● **Supplied information**:

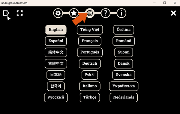 4、进入设置界面后,点击上方中间的地球按钮,接着点击简体中文即可将游戏语言改为中文
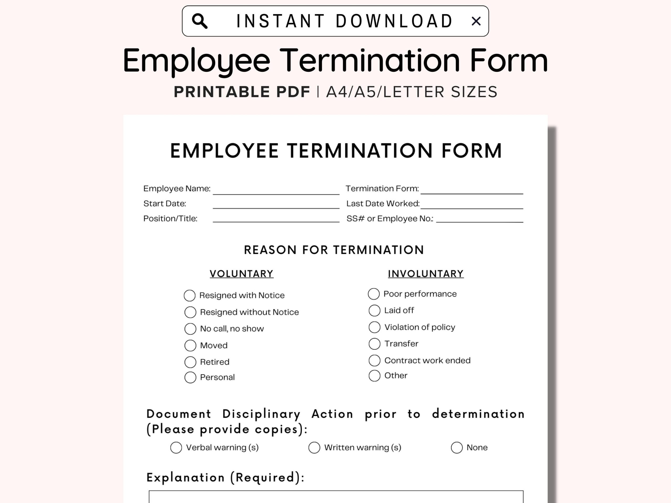 Employee Termination Form Printable Employee Termination Form HR Terminate Employee Form PDF Etsy
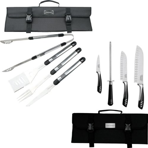 Studio : Trademark GLB Publisher : Trademark GLB Binding : Kitchen Product Description Like those used on Bravo's top-rated Top Chef program, these knives features an ice-tempered stainless steel blade with precision cut sharpened cutting edge, hollow ground to reduce sticking and a full steel handle with seamless bonded and polished bolsters. Stainless Steel BBQ Set Product Features: Each Grill Tool is Made of Rust Resistant 420 Stainless Steel Parts for Long Lasting Durability, Aluminum Handles are Hollow Formed to Maintain a Comfortable, Working Temperature and Light Weight Spatula features a Bottle Opener, Serrated Edge and Tenderizer 19-inch Tong, 19.5-inch Spatula, 19.5-inch Fork, 17-inch Knife, 7-inch Santoku Knife, 5-inch Satoku Knife, 3.5-inch Paring Knife, Sharpening Rod, Nylon Carry Pouch, 5-Piece Stainless Steel Knife Set Features:- 7-inch Santoku Knife, 5-inch Satoku Knife, 3.5-inch Paring Knife, Sharpening Rod, Nylon Carry Pouch. 0
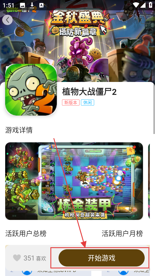 4、进入游戏详情页后,点击【开始游戏】,就能开始玩《植物大战僵尸2》啦。

● **Task to carry out**:
Copy back, word for word, every line between the top of the material above and the line that contains "Employee Termination Form Printable", both included, without any pictures.

● **Written answer**:
 4、进入设置界面后,点击上方中间的地球按钮,接着点击简体中文即可将游戏语言改为中文
 Employee Termination Form Printable Employee Termination Form HR Terminate Employee Form PDF Etsy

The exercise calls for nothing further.